News

Online Attacks Spread

One of the largest cyberattacks ever recorded has been sweeping through computers since Friday

May 15, 2017
ANDREW BROOKES—GETTY IMAGES

A worldwide global cyberattack has hit more than 200,000 victims in over 150 countries since May 12, 2017. 

A worldwide cyberattack spread to thousands of computers on Monday as people logged in at work. The attack, which began on May 12, is believed to be the biggest online attack ever recorded. It has disrupted business, schools, hospitals and daily life in more than 150 countries.

The cyberattacks are being done with ransomware. This is a type of software that blocks access to data until money is paid. The attack displays a message requesting payment in order to unlock it. Investigators have said it is too early to determine who is behind the attack and what their motivation is.

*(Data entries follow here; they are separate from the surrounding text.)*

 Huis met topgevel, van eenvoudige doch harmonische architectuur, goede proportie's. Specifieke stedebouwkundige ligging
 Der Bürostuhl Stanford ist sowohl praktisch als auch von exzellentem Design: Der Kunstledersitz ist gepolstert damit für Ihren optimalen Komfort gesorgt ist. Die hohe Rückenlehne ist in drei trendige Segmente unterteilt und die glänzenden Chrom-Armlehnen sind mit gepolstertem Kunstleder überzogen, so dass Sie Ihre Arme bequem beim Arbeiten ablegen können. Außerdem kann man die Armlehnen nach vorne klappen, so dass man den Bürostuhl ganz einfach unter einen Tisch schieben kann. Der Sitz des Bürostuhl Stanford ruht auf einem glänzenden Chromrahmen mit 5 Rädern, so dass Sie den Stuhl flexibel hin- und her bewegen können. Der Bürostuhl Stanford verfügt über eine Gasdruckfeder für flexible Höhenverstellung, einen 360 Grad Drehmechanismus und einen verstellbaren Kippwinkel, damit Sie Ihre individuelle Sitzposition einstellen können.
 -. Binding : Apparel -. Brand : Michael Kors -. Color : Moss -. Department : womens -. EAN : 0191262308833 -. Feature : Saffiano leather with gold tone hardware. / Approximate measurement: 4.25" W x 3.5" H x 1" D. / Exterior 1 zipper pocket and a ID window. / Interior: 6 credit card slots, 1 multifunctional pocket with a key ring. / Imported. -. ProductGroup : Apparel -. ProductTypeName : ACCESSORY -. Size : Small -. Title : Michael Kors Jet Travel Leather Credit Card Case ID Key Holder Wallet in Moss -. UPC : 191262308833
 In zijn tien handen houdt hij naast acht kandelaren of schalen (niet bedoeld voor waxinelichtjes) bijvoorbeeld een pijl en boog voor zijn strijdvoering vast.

The ransomwear, known as “WannaCry,” holds users hostage by freezing their computers. A red screen with the words, "Oops, your files have been encrypted!" pops up and money is demanded through online payment. At first the attack demands $300 – then $600. It destroys files five hours later.

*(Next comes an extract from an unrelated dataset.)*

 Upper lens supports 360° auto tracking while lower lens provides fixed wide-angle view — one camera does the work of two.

The attack has hit more than 200,000 victims across the world since Friday. It is seen as an "escalating threat," said Rob Wainwright, the head of Europol, Europe's policing agency. "The numbers are still going up," Wainwright said. Many companies and government agencies on Monday were struggling to recover from the attacks.

A Global Impact

"WannaCry" has frozen computers running factories, banks, government agencies and transport systems in countries including Russia, Ukraine, Brazil, Spain, India and Japan.

Britain’s National Health Service (NHS) was of the first major targets of the global cyberattack. 

DANIEL LEAL-OLIVAS—AFP/GETTY IMAGES
Britain’s National Health Service (NHS) was of the first major targets of the global cyberattack. 

Britain's National Health Service (NHS) was one of the first high-profile targets of Friday’s attack. Some hospitals and doctors’ offices are still struggling to recover. The NHS says about a fifth their local offices that run hospitals and clinics were hit by the attack on Friday. This led to thousands of canceled appointments and operations.

In Asia, Friday's attack occurred after business hours. Thousands of new cases were reported on Monday as people came back to work. Chinese state media said 29,372 institutions there had been infected along with hundreds of thousands of devices.

Universities and other educational institutions in China were among the hardest hit. This is possibly because schools tend to have old computers and out-of-date operating systems, said Fang Xingdong, founder of ChinaLabs, an internet strategy think tank.

This is a screenshot of the warning screen from a cyberattack. The image, captured by a computer user in Taiwan, is seen on a laptop in Beijing.

MARK SCHIEFELBEIN—AP
This is a screenshot of the warning screen from a cyberattack. The image, captured by a computer user in Taiwan, is seen on a laptop in Beijing.

On social media, students in China complained about not being able to access their work. People in various cities said they hadn't been able to take their driving tests over the weekend because some local traffic police systems were down.

Railway stations, mail delivery, gas stations, hospitals, office buildings, shopping malls and government services also were affected, China's Xinhua News Agency said.

Online Crime

Experts urged organizations and companies to immediately update older Microsoft operating system. Paying ransom, or the money requested to unlock computers, will not ensure any fix, said Eiichi Moriya, a cybersecurity expert and professor at Meiji University.

"You are dealing with a criminal," he said. "It's like after a robber enters your home. You can change the locks but what has happened cannot be undone.”